* [RAW DATA]
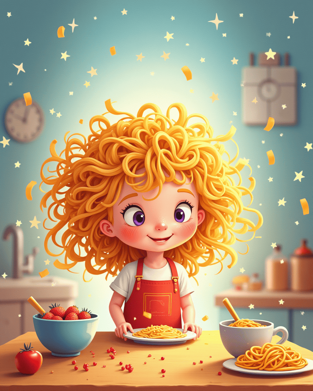 A playful adventure about a young chef named Lila who decides to create the most creative hairstyle ever—using spaghetti! She learns about cooking, creativity, and sharing all while having fun with her family. Perfect for children who love food, art, and imagination.
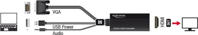 DeLOCK VGA to HDMI Adapter with Audio - Video- / Audio-Adapter - HDMI / VGA - 25 cm
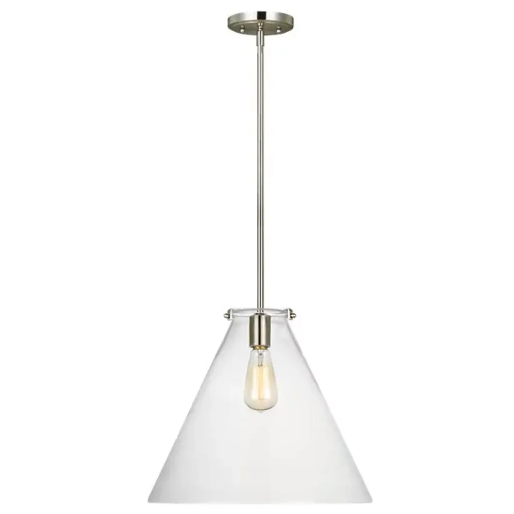 Provide an airy, contemporary accent to your inside spaces with the Kate Cone Pendant by Visual Comfort Studio, formerly known as Sea Gull Lighting, A simple design on its initial appearance, it starts by suspending a single socket from a stepped-disc ceiling mount via a support rod. A damp rating on the socket allows it to be installed anywhere indoors, while a large, conical shade made from clear glass sweeps down around the lamping, gentling glare from the sides while pouring out a wide wash of light below.
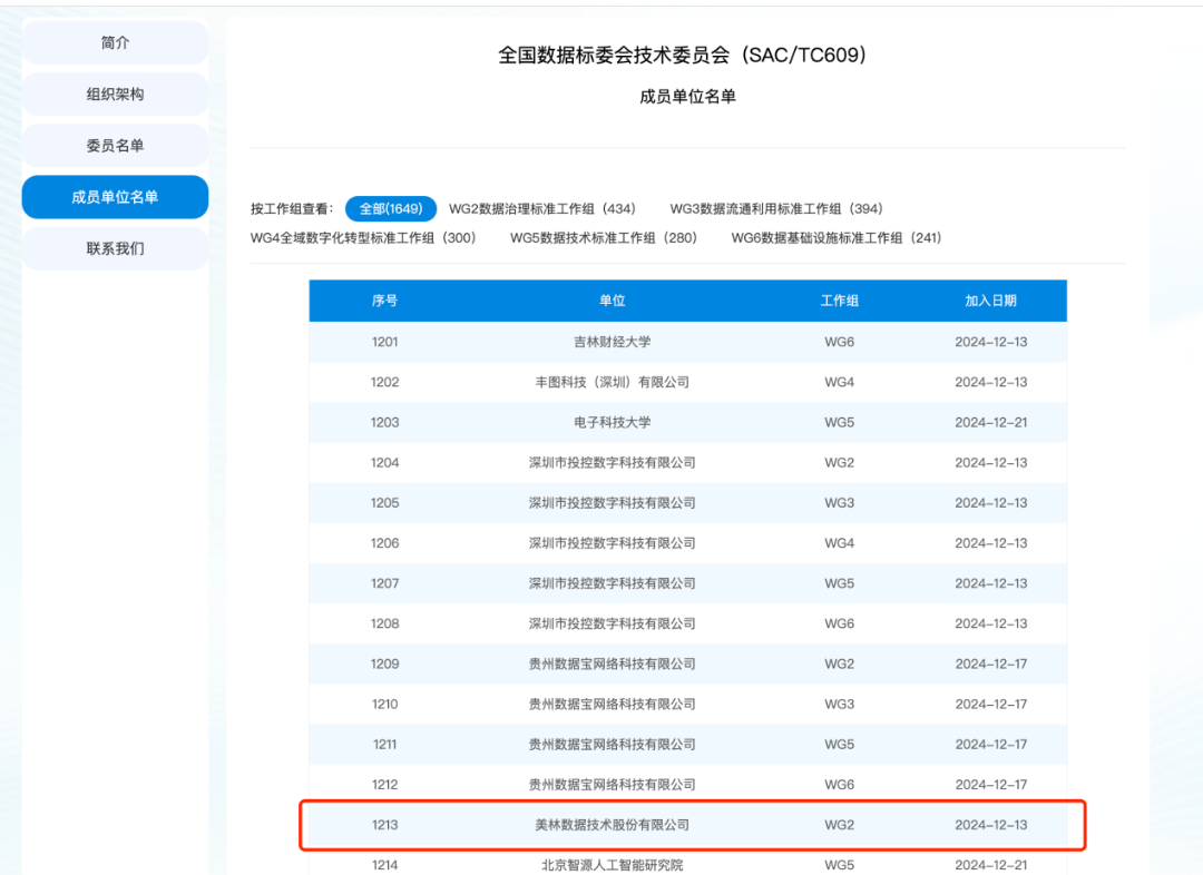 全國(guó)數(shù)標(biāo)委成立于2024年10月,是經(jīng)國(guó)家標(biāo)準(zhǔn)化管理委員會(huì)批準(zhǔn)設(shè)立的,從事數(shù)據(jù)領(lǐng)域國(guó)家標(biāo)準(zhǔn)化工作的專業(yè)技術(shù)組織。全國(guó)數(shù)標(biāo)委的籌建單位和業(yè)務(wù)指導(dǎo)單位為國(guó)家數(shù)據(jù)局,秘書(shū)處承擔(dān)單位為中國(guó)電子技術(shù)標(biāo)準(zhǔn)化研究。此次美林?jǐn)?shù)據(jù)成功入選,標(biāo)志著公司成為全國(guó)數(shù)據(jù)標(biāo)準(zhǔn)化技術(shù)建設(shè)的重要力量之一,將繼續(xù)深化參與國(guó)家層面的數(shù)據(jù)標(biāo)準(zhǔn)化工作,為數(shù)據(jù)治理、數(shù)據(jù)產(chǎn)權(quán)、數(shù)據(jù)合規(guī)交易以及數(shù)據(jù)流通安全保障貢獻(xiàn)專業(yè)力量。

* [ASSIGNED TASK] Exact repetition required: repeat the first line of the listing above, the line containing "Provide an airy, contemporary", and every line between, leaving out pictures.

* [ANSWER TO THIS PROBLEM]
 A playful adventure about a young chef named Lila who decides to create the most creative hairstyle ever—using spaghetti! She learns about cooking, creativity, and sharing all while having fun with her family. Perfect for children who love food, art, and imagination.
 DeLOCK VGA to HDMI Adapter with Audio - Video- / Audio-Adapter - HDMI / VGA - 25 cm
 Provide an airy, contemporary accent to your inside spaces with the Kate Cone Pendant by Visual Comfort Studio, formerly known as Sea Gull Lighting, A simple design on its initial appearance, it starts by suspending a single socket from a stepped-disc ceiling mount via a support rod. A damp rating on the socket allows it to be installed anywhere indoors, while a large, conical shade made from clear glass sweeps down around the lamping, gentling glare from the sides while pouring out a wide wash of light below.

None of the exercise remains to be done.